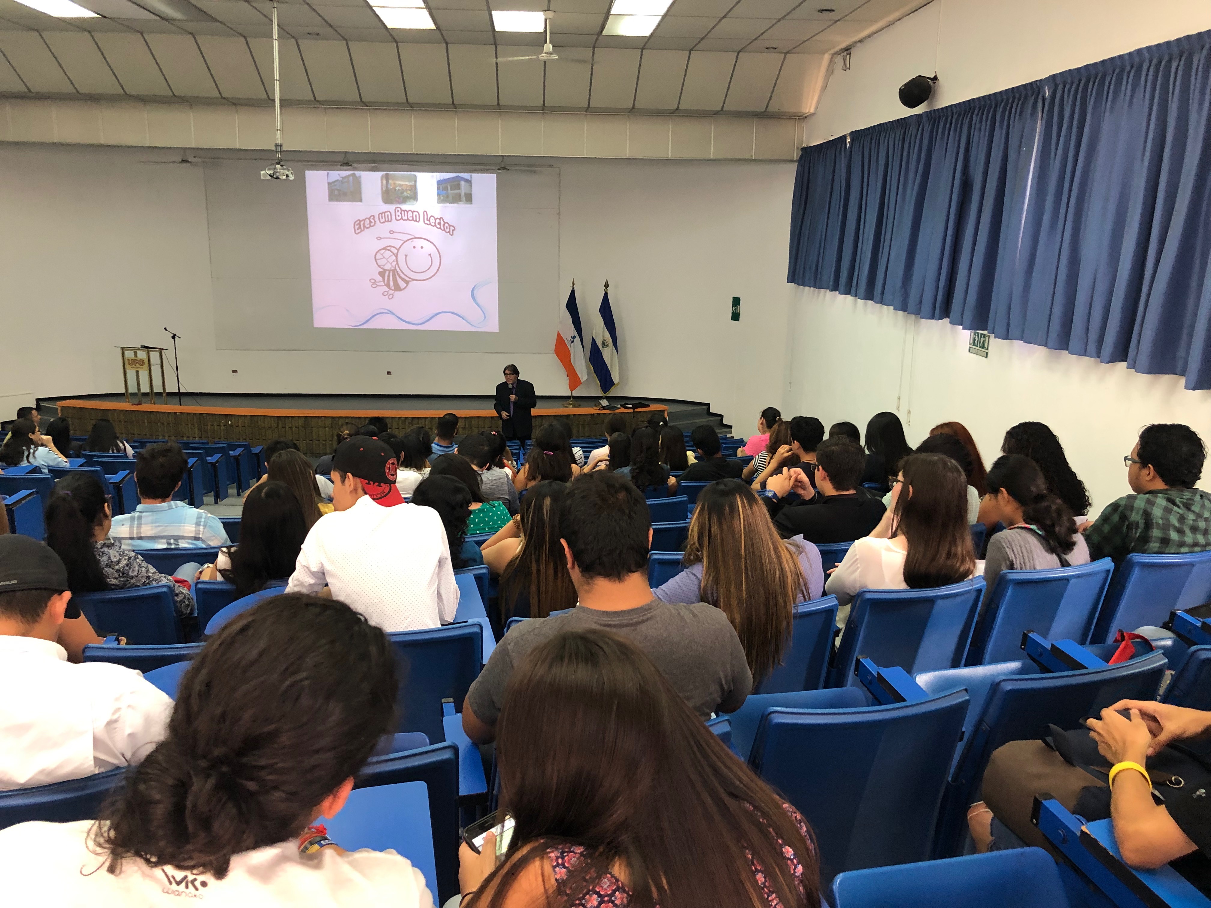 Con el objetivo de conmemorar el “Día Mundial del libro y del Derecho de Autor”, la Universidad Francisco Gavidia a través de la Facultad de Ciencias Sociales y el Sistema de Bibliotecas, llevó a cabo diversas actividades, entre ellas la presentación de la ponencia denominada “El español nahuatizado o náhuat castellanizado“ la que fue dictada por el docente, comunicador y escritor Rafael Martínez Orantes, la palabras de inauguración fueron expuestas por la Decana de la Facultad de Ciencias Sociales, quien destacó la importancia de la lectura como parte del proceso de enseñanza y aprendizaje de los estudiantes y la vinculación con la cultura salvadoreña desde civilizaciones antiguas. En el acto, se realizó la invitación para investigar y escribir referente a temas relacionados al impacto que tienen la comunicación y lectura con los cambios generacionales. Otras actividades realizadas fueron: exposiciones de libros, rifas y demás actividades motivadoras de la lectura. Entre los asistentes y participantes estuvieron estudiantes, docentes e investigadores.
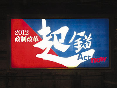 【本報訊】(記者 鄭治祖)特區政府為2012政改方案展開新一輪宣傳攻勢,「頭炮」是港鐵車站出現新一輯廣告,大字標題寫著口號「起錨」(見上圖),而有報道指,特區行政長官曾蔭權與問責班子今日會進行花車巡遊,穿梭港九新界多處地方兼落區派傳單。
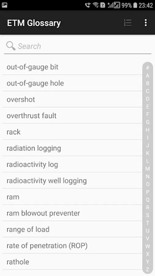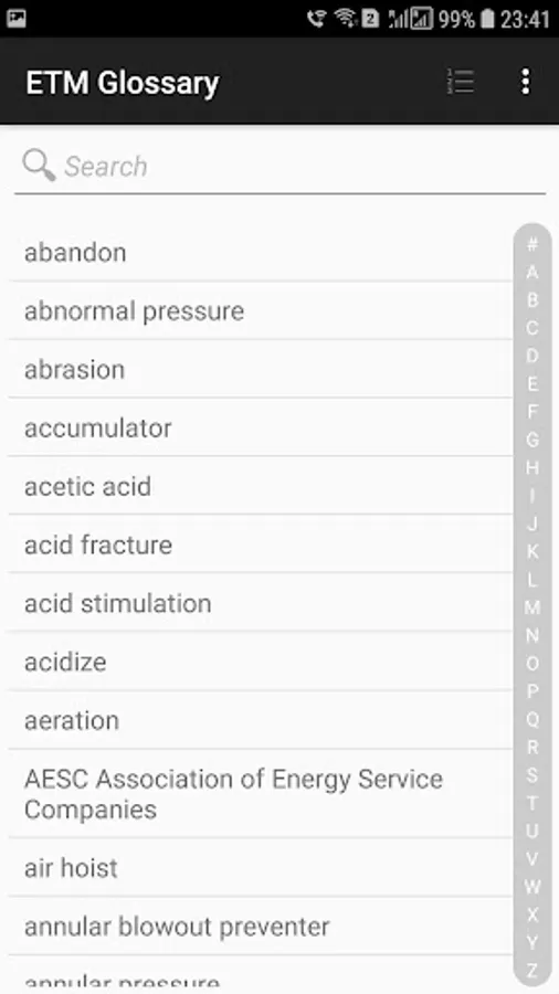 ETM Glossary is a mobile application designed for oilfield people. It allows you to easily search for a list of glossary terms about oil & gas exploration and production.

++++++

▶ **Task prompt**:
Could you give the material again exactly as it stands, omitting any image?

▶ **Written response**:
 Con el objetivo de conmemorar el “Día Mundial del libro y del Derecho de Autor”, la Universidad Francisco Gavidia a través de la Facultad de Ciencias Sociales y el Sistema de Bibliotecas, llevó a cabo diversas actividades, entre ellas la presentación de la ponencia denominada “El español nahuatizado o náhuat castellanizado“ la que fue dictada por el docente, comunicador y escritor Rafael Martínez Orantes, la palabras de inauguración fueron expuestas por la Decana de la Facultad de Ciencias Sociales, quien destacó la importancia de la lectura como parte del proceso de enseñanza y aprendizaje de los estudiantes y la vinculación con la cultura salvadoreña desde civilizaciones antiguas. En el acto, se realizó la invitación para investigar y escribir referente a temas relacionados al impacto que tienen la comunicación y lectura con los cambios generacionales. Otras actividades realizadas fueron: exposiciones de libros, rifas y demás actividades motivadoras de la lectura. Entre los asistentes y participantes estuvieron estudiantes, docentes e investigadores.
 【本報訊】(記者 鄭治祖)特區政府為2012政改方案展開新一輪宣傳攻勢,「頭炮」是港鐵車站出現新一輯廣告,大字標題寫著口號「起錨」(見上圖),而有報道指,特區行政長官曾蔭權與問責班子今日會進行花車巡遊,穿梭港九新界多處地方兼落區派傳單。
 ETM Glossary is a mobile application designed for oilfield people. It allows you to easily search for a list of glossary terms about oil & gas exploration and production.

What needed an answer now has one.